Work order — With the pictures omitted, print exactly the lines below, from the one containing "1999 Profile of" through the one containing "(SC) - Brazil", and nothing else.

The input —
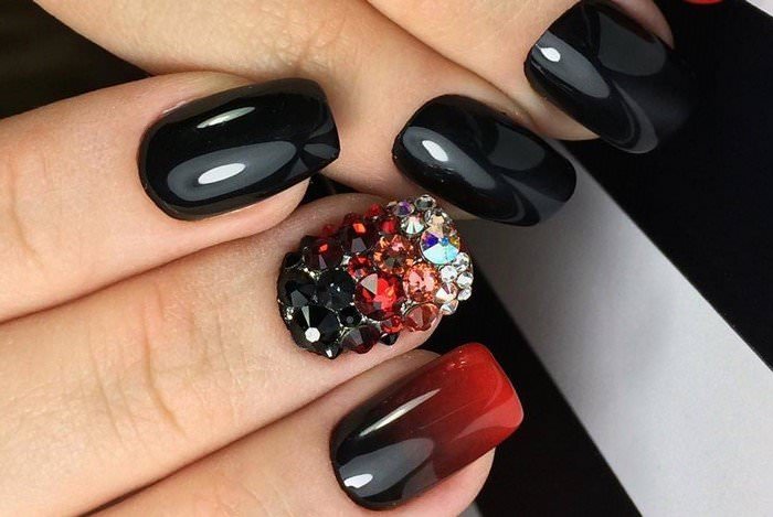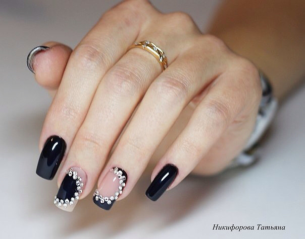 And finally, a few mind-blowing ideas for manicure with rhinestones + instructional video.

---

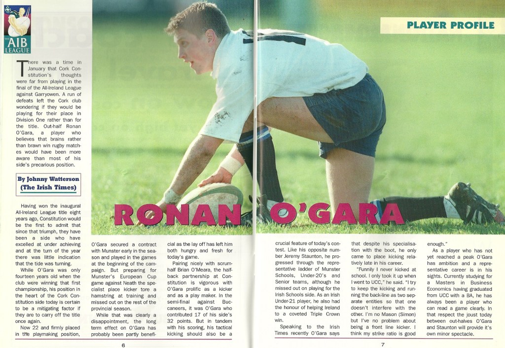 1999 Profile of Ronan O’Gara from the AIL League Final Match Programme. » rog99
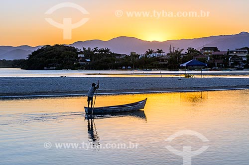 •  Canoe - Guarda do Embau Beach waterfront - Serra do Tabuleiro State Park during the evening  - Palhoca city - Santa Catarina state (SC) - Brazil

* * *

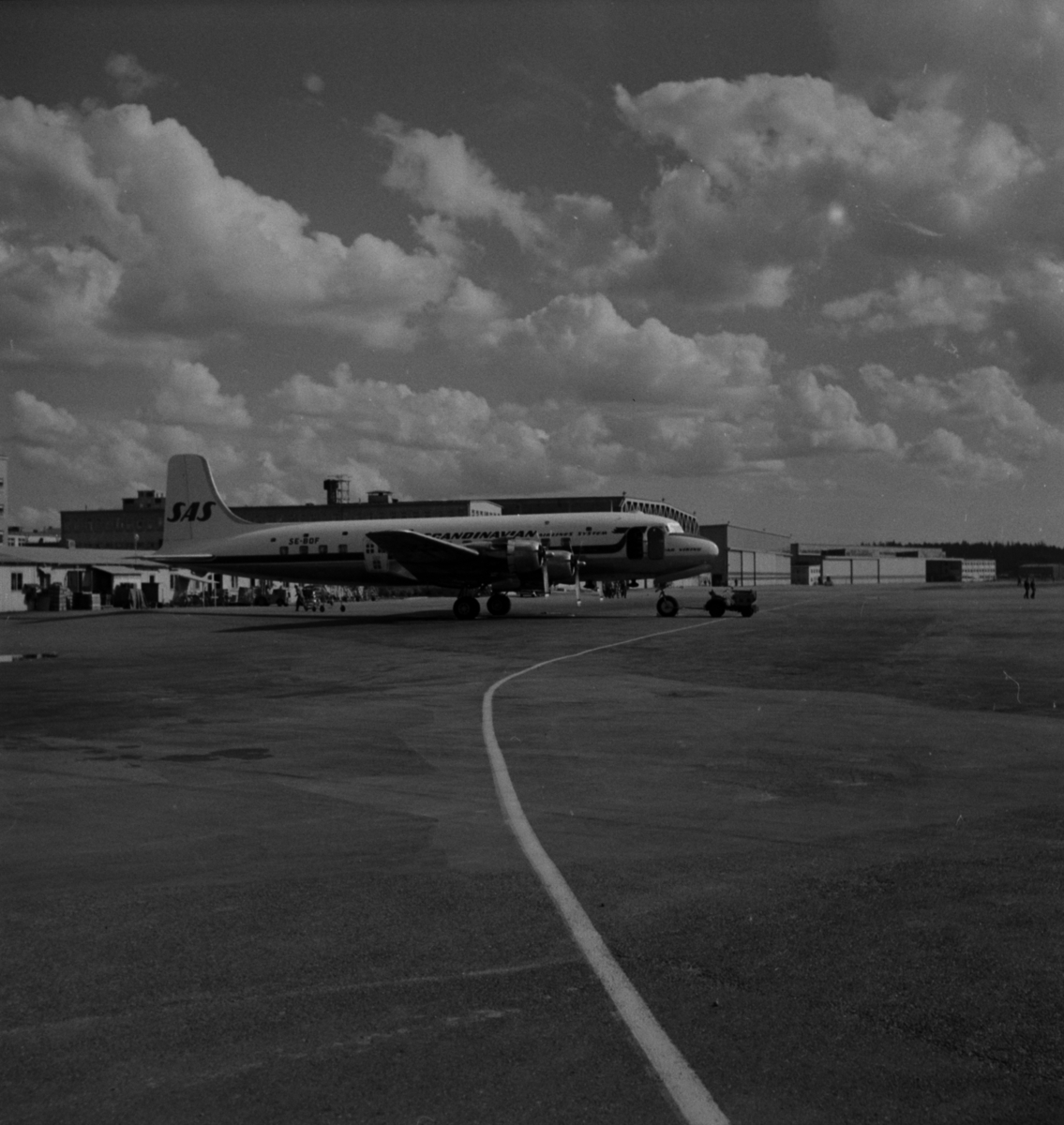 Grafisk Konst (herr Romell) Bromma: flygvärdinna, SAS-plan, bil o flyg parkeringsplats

Reply to the exercise —
 1999 Profile of Ronan O’Gara from the AIL League Final Match Programme. » rog99
 •  Canoe - Guarda do Embau Beach waterfront - Serra do Tabuleiro State Park during the evening  - Palhoca city - Santa Catarina state (SC) - Brazil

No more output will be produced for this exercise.